Capturing opportunity with scanning technology
Adelaide-based survey firm is winning work across multiple industries after extending its services to include laser scanning using Topcon’s new GLS-2000.
SKS Surveys specialises in construction, engineering and property surveying for customers throughout South Australia. Recently, the company invested in laser scanning technology to extend its service offering to new and existing markets, with a wide range of projects already completed and many more on the horizon.
Company Director and licenced surveyor Scott Bacchus explained the reasons behind investing in the technology: “We’ve been keeping track of developments in laser scanning in recent years and recognised that it’s now moved from emergence through to wider acceptance in the industry,” he said.
“Having missed out on a couple of projects due to not having the technology, we saw it was time to extend our services to include it and meet the demand.”
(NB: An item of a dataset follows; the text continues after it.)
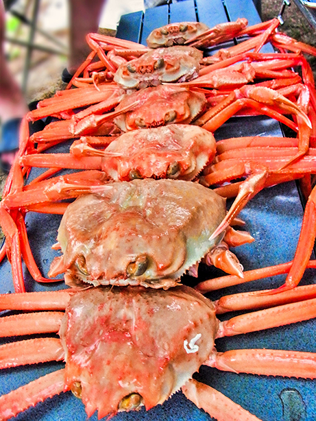 7軒あまり並ぶ店は、いずれも自前の船を持って漁を行い、そのまま店に並べるので、とびきり新鮮なズワイガニが味わえます。値段もリーズナブルで、茹でたてのズワイガニをそのまま表に並ぶテーブルに座って、素手でムシャムシャと。日本海の海の香が口の中いっぱいに広がって、朝から至福が味わえます。
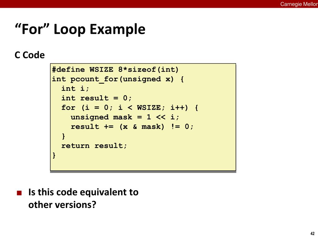 Is this code equivalent to other versions? Carnegie Mellon “For” Loop Example C Code #define WSIZE 8*sizeof(int) intpcount_for(unsigned x) { inti; int result = 0; for (i = 0; i < WSIZE; i++) { unsigned mask = 1 << i; result += (x & mask) != 0; } return result; }

The company researched a range of laser scanners available on the market and opted for the new Topcon GLS-2000. “We were looking for a good all-rounder that could be used for large scale volume and topographic applications through to smaller scale, high detail projects,” Mr Bacchus explained. “The Topcon GLS-2000 fit the bill for us in terms of price and functionality, enabling us to offer scanning services to a broad range of industries.”
Topcon’s GLS-2000 is designed for internal and external scanning applications, with a range of up to 350 metres. It delivers a full-dome 360 degree scan is less than three minutes and offers signal processing including wave form for precision measurements.
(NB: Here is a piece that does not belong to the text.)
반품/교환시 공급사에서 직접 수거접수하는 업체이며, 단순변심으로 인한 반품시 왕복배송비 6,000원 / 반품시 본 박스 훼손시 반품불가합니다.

In the two months since purchasing their system, SKS Surveys has completed a number of projects for clients in the civil construction, engineering and property industries, including warehouse scans, building facades, pipe work and excavation scans.
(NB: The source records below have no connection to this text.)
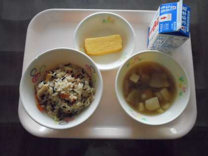 今日のメニューは、「ひじきごはん、のっぺいじる、あつやきたまご、ぎゅうにゅう」です。
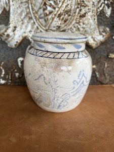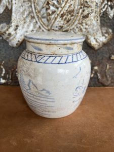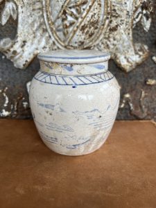 Listed is this beautiful ancient smaller sized Ginger Jar with lid. This beautiful handmade jar is in good antique condition with a lovely blue and white hand painted scene. It has age related crazing throughout and other age related marks with a beautiful shiny gloss finish still apparent. The base has one chip on the top rim that doesn’t show with the lid on. The lid is in good condition with age related spotting.
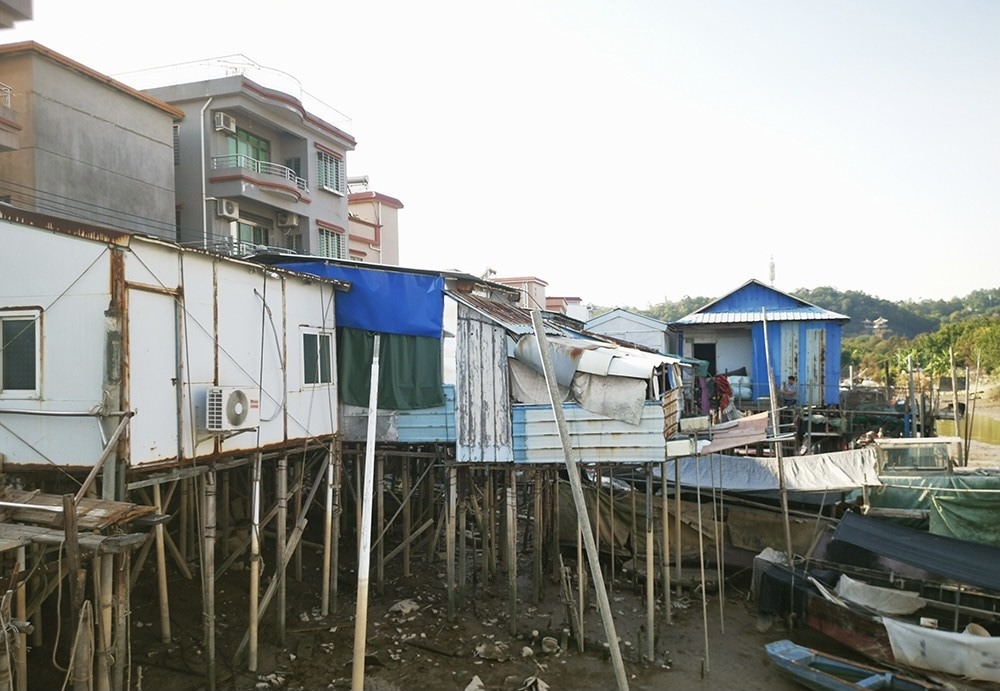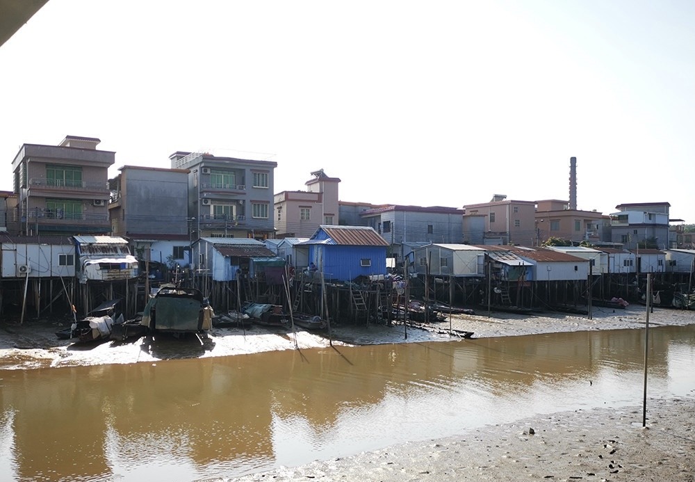石楼镇群星村上涌街的上涌水闸旁,河岸搭建密密麻麻的棚房,这些棚房占用河道,显得简陋又陈旧,大多数是由几根木桩或水泥柱扎进一片布满厚厚淤泥的滩涂上作为支撑,用木料和铁皮搭建。

“The excavation project was interesting as the client required volume data for the holes they needed to excavate, however there was a safety hazard as it was a landfill site and the material being excavated was unknown,” Mr Bacchus explained.
“Using the GLS-2000, we were able to deliver highly accurate volume data whilst scanning from a safe distance, eliminating the risk from potentially hazardous material,” he added.
Mr Bacchus said that setting up and using the scanner in the field was quick and easy. “Collecting the data is very straightforward, the challenge is what to do with the amount of data that’s captured,” he said.
“We are still developing the ideal workflow for our scanning projects, to deliver valuable products to our customers at the end of the process. Often the clients don’t have a clear picture of the results they want, whether its edge sets or a 3D model.”
The company has been outsourcing the post processing work to overseas service providers. “Post processing software is expensive and it takes training and expertise to get good results from it, so currently we prefer to outsource that aspect of the workflow,” Mr Bacchus explained.
Mr Bacchus said the company is excited by the prospect of using laser scanning technology in alternative applications such as Building Information Modelling (BIM) and monitoring. “A couple of years ago I would have said that BIM was just a buzzword and there was no viable workflow to deliver on it.”
“Now, however, I think it is definitely something that the survey industry must embrace and understand its role in. Whether it involves inputting, outputting or interpreting the data, surveyors have an important part to play and scanning technology is another tool we have at our fingertips for BIM applications.”